Exercise data>
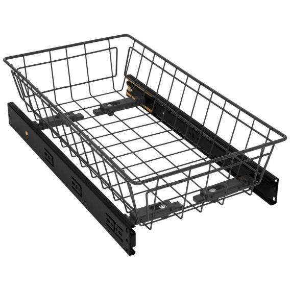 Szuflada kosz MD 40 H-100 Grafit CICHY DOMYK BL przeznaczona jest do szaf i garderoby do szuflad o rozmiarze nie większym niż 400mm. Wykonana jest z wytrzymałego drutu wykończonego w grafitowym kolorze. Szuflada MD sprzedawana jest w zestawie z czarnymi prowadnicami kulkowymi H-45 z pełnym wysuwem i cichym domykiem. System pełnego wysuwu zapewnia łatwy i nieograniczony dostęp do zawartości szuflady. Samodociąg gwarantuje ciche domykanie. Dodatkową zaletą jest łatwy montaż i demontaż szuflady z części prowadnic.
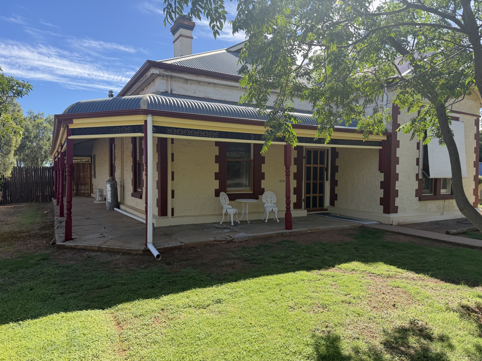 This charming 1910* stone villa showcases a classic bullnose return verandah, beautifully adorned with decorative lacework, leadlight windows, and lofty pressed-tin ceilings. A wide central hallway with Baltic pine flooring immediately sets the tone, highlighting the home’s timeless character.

* * *

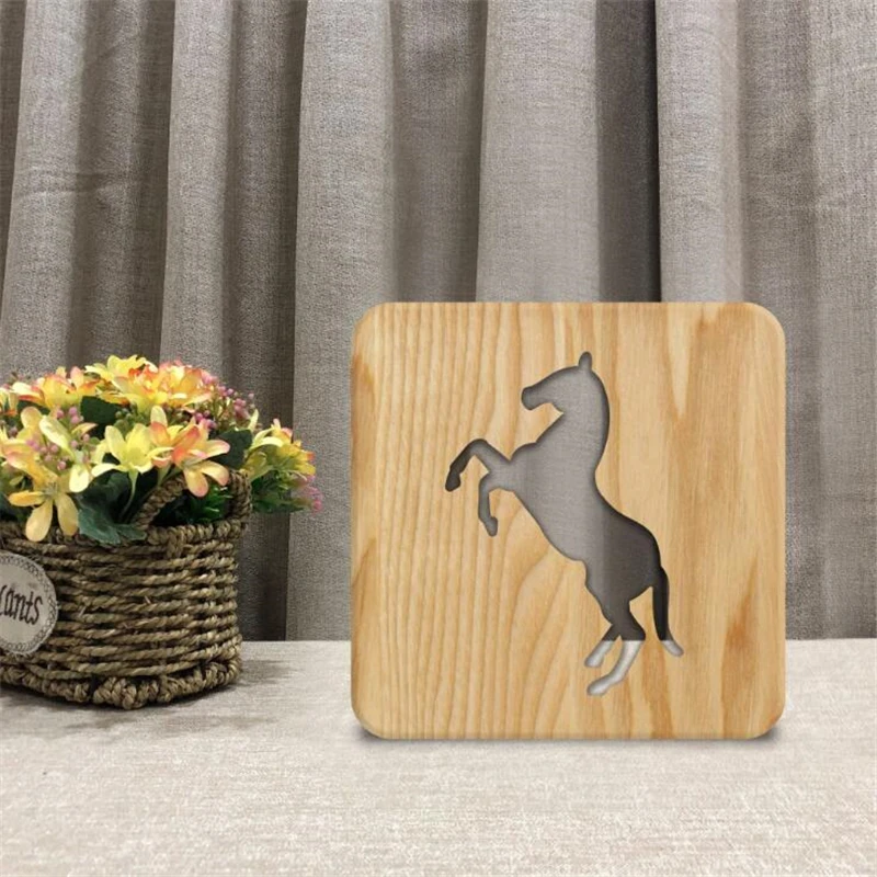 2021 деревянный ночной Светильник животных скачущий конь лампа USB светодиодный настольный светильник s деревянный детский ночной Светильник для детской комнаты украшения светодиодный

How to complete this task> Output exactly the lines above that lie between the line with "Szuflada kosz MD" and the line with "This charming 1910*", those two lines included, and no pictures.

Response to this task>
 Szuflada kosz MD 40 H-100 Grafit CICHY DOMYK BL przeznaczona jest do szaf i garderoby do szuflad o rozmiarze nie większym niż 400mm. Wykonana jest z wytrzymałego drutu wykończonego w grafitowym kolorze. Szuflada MD sprzedawana jest w zestawie z czarnymi prowadnicami kulkowymi H-45 z pełnym wysuwem i cichym domykiem. System pełnego wysuwu zapewnia łatwy i nieograniczony dostęp do zawartości szuflady. Samodociąg gwarantuje ciche domykanie. Dodatkową zaletą jest łatwy montaż i demontaż szuflady z części prowadnic.
 This charming 1910* stone villa showcases a classic bullnose return verandah, beautifully adorned with decorative lacework, leadlight windows, and lofty pressed-tin ceilings. A wide central hallway with Baltic pine flooring immediately sets the tone, highlighting the home’s timeless character.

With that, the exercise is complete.